The second calculation is known as the Ten Cap price. The rate of return that a company owner (or stockholder) receives on the purchase price of the company essentially represents its return on investment. The minimum annual return should be at least 10%, which I calculate as follows: The operating cash flow last year was 6.972, and capital expenditures were 1.685. I attempted to analyze their annual report to calculate the percentage of capital expenditures allocated to maintenance. I couldn't find it, but as a rule of thumb, you can expect that 70% of the capital expenditures will be allocated to maintenance purposes. This means that we will use 1.180 in our calculations. The tax provision was 884. We have 237 outstanding shares. Hence, the calculation will be as follows: (6.972– 1.180 + 884) / 237 x 10 = $281,69 in Ten Cap price.


The final calculation is referred to as the Payback Time price. It is a calculation based on the free cash flow per share. With Lockheed Martin's free cash flow per share at $22,30 and a growth rate of 8%, if you want to recoup your investment in 8 years, the Payback Time price is $256,17.


Conclusion


I believe that Lockheed Martin is an intriguing company with excellent management. The company has a moat through its size, broad portfolio, and long track record.

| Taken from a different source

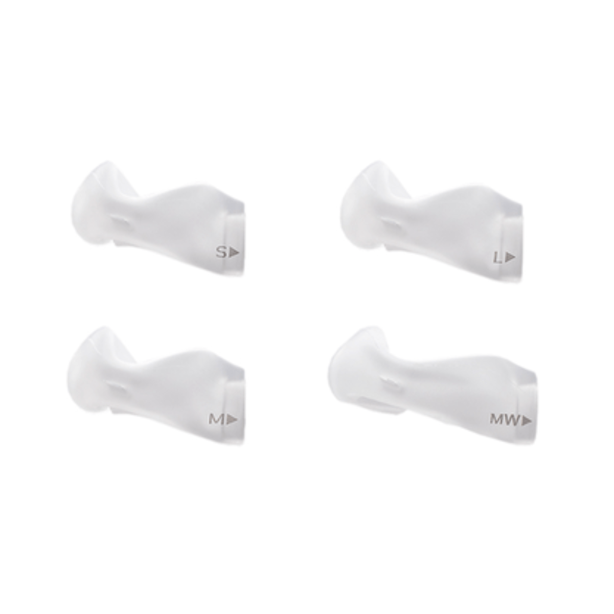 A máscara DreamWear possui quatro tamanhos de almofadas nasais (S, M, L, MW),

It has consistently achieved a high ROIC, and while ROIC decreased in 2024, it is expected to improve going forward. Free cash flow was also lower than usual in 2024, but should recover in the future. As it does, investors can expect more share repurchases and higher dividends. Lockheed Martin’s heavy reliance on the U.S. government - accounting for over 70% of its revenue—exposes the company to political and budget-related risks. Any shifts in defense spending priorities, contract delays, or funding disruptions tied to changing administrations or fiscal pressures could directly impact its revenue, profitability, and cash flow. Competition is also a risk because Lockheed operates in a crowded defense market where both traditional rivals and newer, more agile players are aggressively bidding for contracts. Evolving procurement policies - such as fixed-price and multi-award contracts - put additional pressure on margins and increase financial risk. Laws and regulations are another area of concern. Most of Lockheed’s business depends on strict government contracting rules, and non-compliance - even by a supplier - can lead to penalties, lost contracts, or reputational harm. The U.S. government can also cancel contracts or impose unfavorable terms, which adds further uncertainty. On the positive side, Lockheed Martin’s record $176 billion backlog represents a strong pipeline of future revenue, covering roughly 2,5 years of sales. This provides rare visibility in an otherwise cyclical industry and supports long-term planning. The F-35 program is a key reason to invest in Lockheed. It contributes about one-third of total revenue and is backed by strong global demand, a 408-aircraft backlog, and long-term sustainment contracts that generate recurring income. In addition, the Missiles and Fire Control (MFC) segment is a major growth engine, driven by sustained demand for systems like PAC-3, HIMARS, and Javelin. Supported by multi-year contracts and committed funding, MFC is also Lockheed’s highest-margin segment, combining profitability, production scale, and long-term strategic relevance. I believe that Lockheed Martin is a great company, and buying shares at the Ten Cap price of $281 could be a good long-term investment.